▶ [ABOUT THIS EXERCISE]:
When you copy the data, keep every line exactly as written and skip the pictures.

▶ [SUPPLIED INFORMATION]:
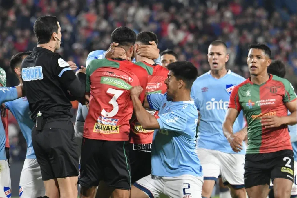 A los 18 minutos, Guzmán Rodríguez saltó con el antebrazo sobre la cabeza de Luis Suárez y el delantero tricolor quedó reclamando falta. Además, en su protesta discutió fuertemente con Rodrigo Pérez.
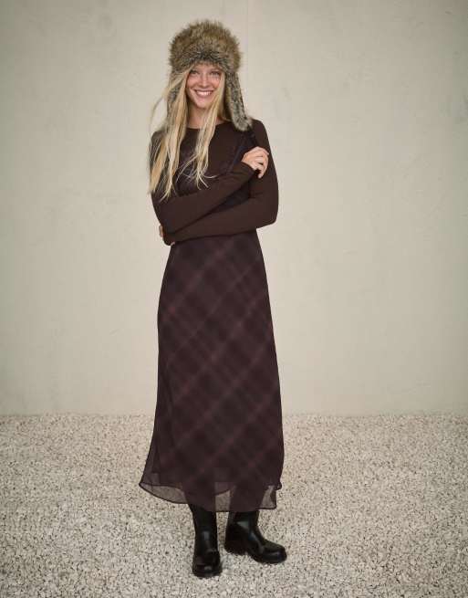 Bershka - Blonde - Vestito midi marrone in pizzo e chiffon
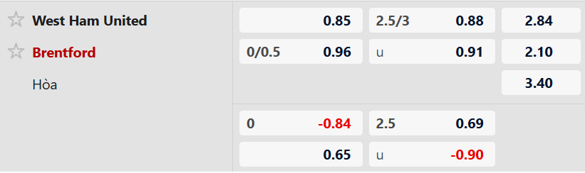 Thông tin tỷ lệ kèo West Ham vs Brentford:

▶ [SOLUTION FOR THIS EXERCISE]:
 A los 18 minutos, Guzmán Rodríguez saltó con el antebrazo sobre la cabeza de Luis Suárez y el delantero tricolor quedó reclamando falta. Además, en su protesta discutió fuertemente con Rodrigo Pérez.
 Bershka - Blonde - Vestito midi marrone in pizzo e chiffon
 Thông tin tỷ lệ kèo West Ham vs Brentford:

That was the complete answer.